[When you need two hands to count all the logic errors in the first couple of paragraphs, you know things aren’t starting well. For one thing, attacking your political opponents as “stupid” isn’t a way of making good-faith assumptions about their IQs. It’s trash talk. For another thing, political cries of “You so stupid!” have little if any relevance to the real, measurable impact of IQ on people’s prospects for economic or professional success. Yet Freedman garbles up these concepts as if they’re all the same thing.
[But logic issues aside, you have to think the author either (a) slept through the 1970s, the High Era of Polack jokes and Aggie jokes, or (b) wasn’t even born then. Americans have been calling each other stupid, with attitudes ranging from good-natured to punitive and derogatory, for quite as long as the rest of humanity.]

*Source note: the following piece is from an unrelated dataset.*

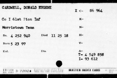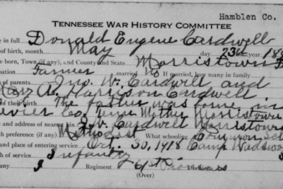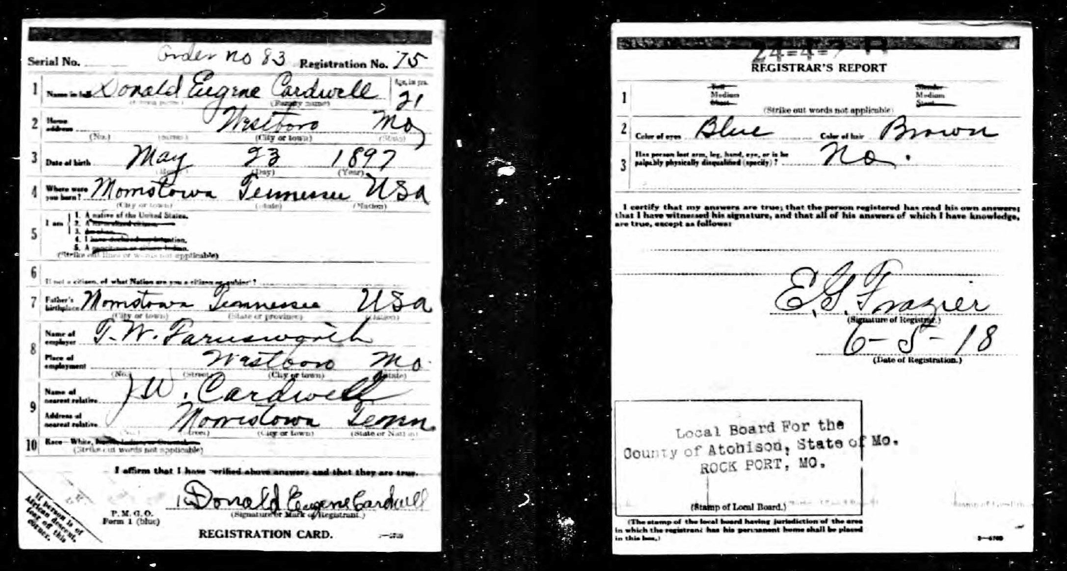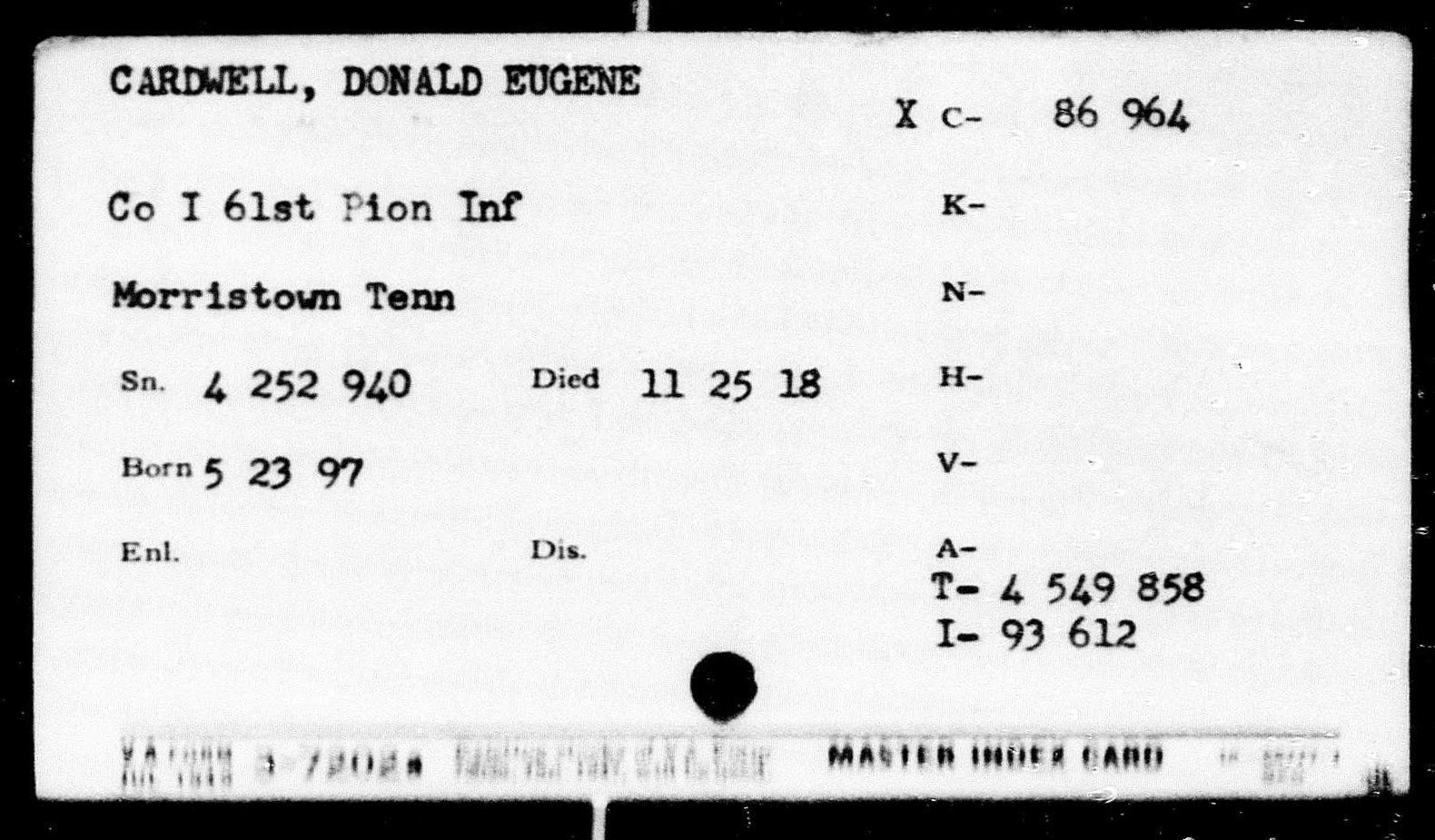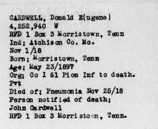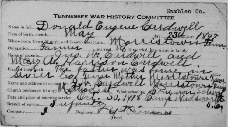 Donald Eugene Cardwell was born 23 May 1897, Morristown, Tennessee to John Cardwell and Mary A. Harrison.

As recently as the 1950s, possessing only middling intelligence was not likely to severely limit your life’s trajectory. IQ wasn’t a big factor in whom you married, where you lived, or what others thought of you. The qualifications for a good job, whether on an assembly line or behind a desk, mostly revolved around integrity, work ethic, and a knack for getting along—bosses didn’t routinely expect college degrees, much less ask to see SAT scores. As one account of the era put it, hiring decisions were “based on a candidate having a critical skill or two and on soft factors such as eagerness, appearance, family background, and physical characteristics.”

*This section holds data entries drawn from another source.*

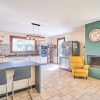 Due grandi vetrate ci permettono di poter ammirare la bellezza del giardino dallinterno della casa, anche in inverno, come se fosse un complemento darredo: la piacevole sensazione di spaziosità della zona giorno abbinata alla resa dellesposizione del sole e alla vista del verde di certo infonde quella gradevole sensazione di benessere che ci mette perfettamente a nostro agio, con il piacere di sentirsi a casa. A ciò si aggiunge leffetto scenico del Caminetto centrale e delle luci led che ci trasmettono quella calda atmosfera daccoglienza.
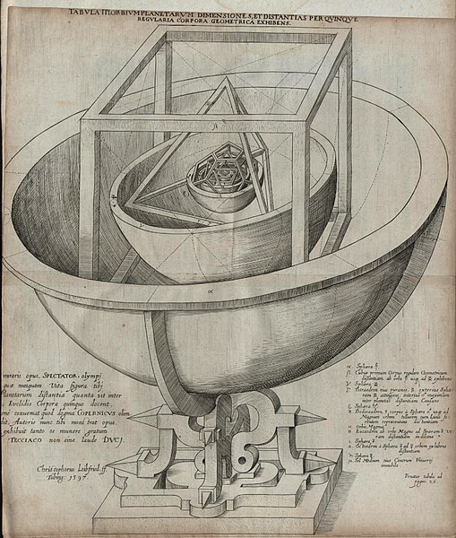 În 1596, Kepler a publicat prima sa lucrare, Mysterium Cosmographicum, unde și-a afirmat poziția copernicană, și-a stabilit obiectivul de a răspunde la trei întrebări referitoare la numărul de planete, distanța lor de Soare și, în final, viteza lor.
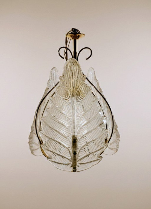 Lampadario in vetro di Murano iridescente e foglie di palma in ottoneLampadario in vetro di Murano iridescente e foglie di palma in ottone
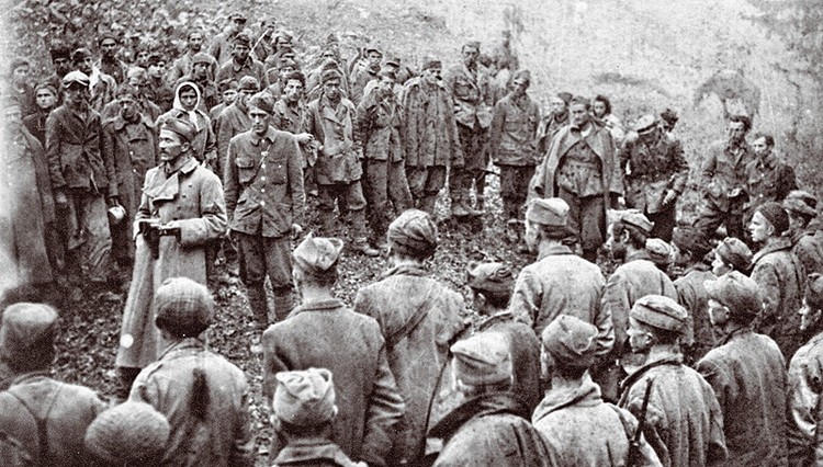 Komandant Danilo Lekić govori borcima uoči proboja na Sutjesci
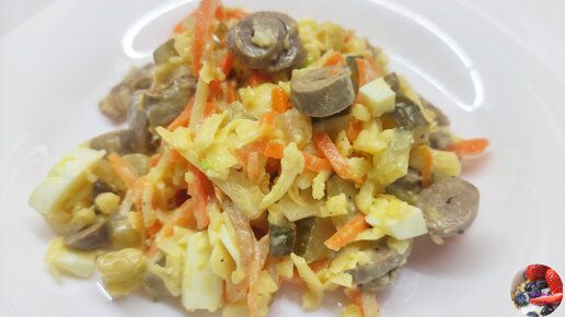 Оригинальный салат из куриных сердечек, полюбите с первой ложки.
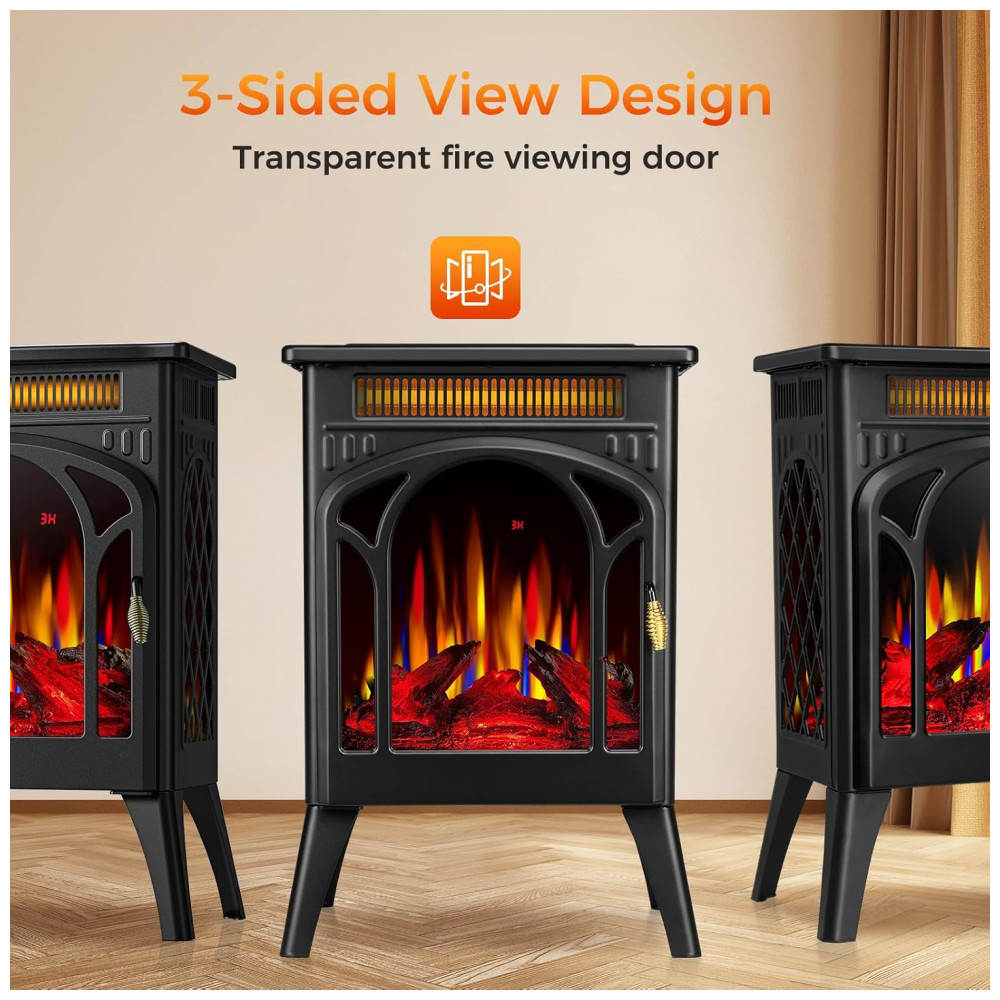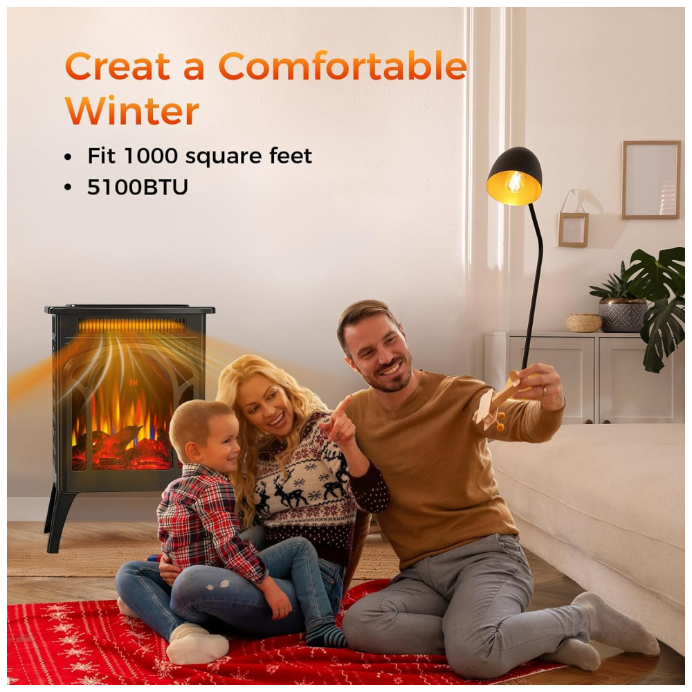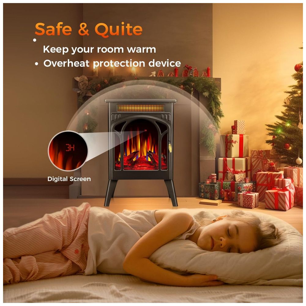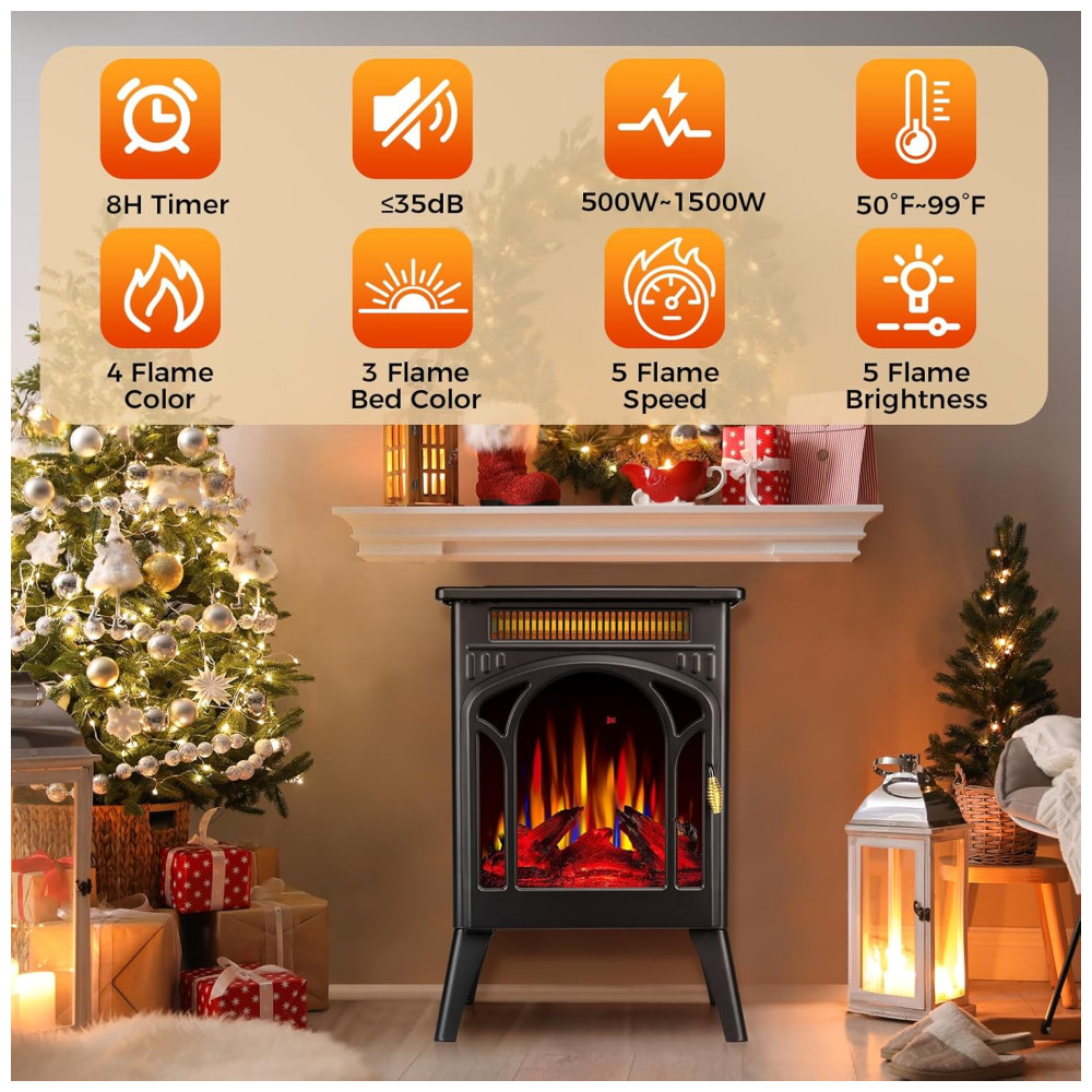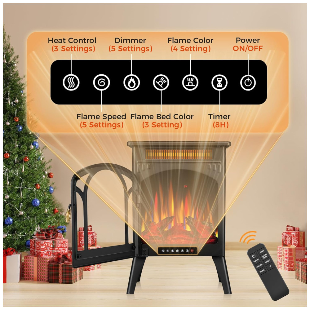 Lareira Elétrica Portátil Infravermelho com Chama Realista 3D Controle Remoto e Temporizador 110V 1500W COWSAR Preta

The 2010s, in contrast, are a terrible time to not be brainy. Those who consider themselves bright openly mock others for being less so. Even in this age of rampant concern over microaggressions and victimization, we maintain open season on the nonsmart. People who’d swerve off a cliff rather than use a pejorative for race, religion, physical appearance, or disability are all too happy to drop the s‑bomb: Indeed, degrading others for being “stupid” has become nearly automatic in all forms of disagreement.
It’s popular entertainment, too. The so-called Darwin Awards celebrate incidents in which poor judgment and comprehension, among other supposedly genetic mental limitations, have led to gruesome and more or less self-inflicted fatalities.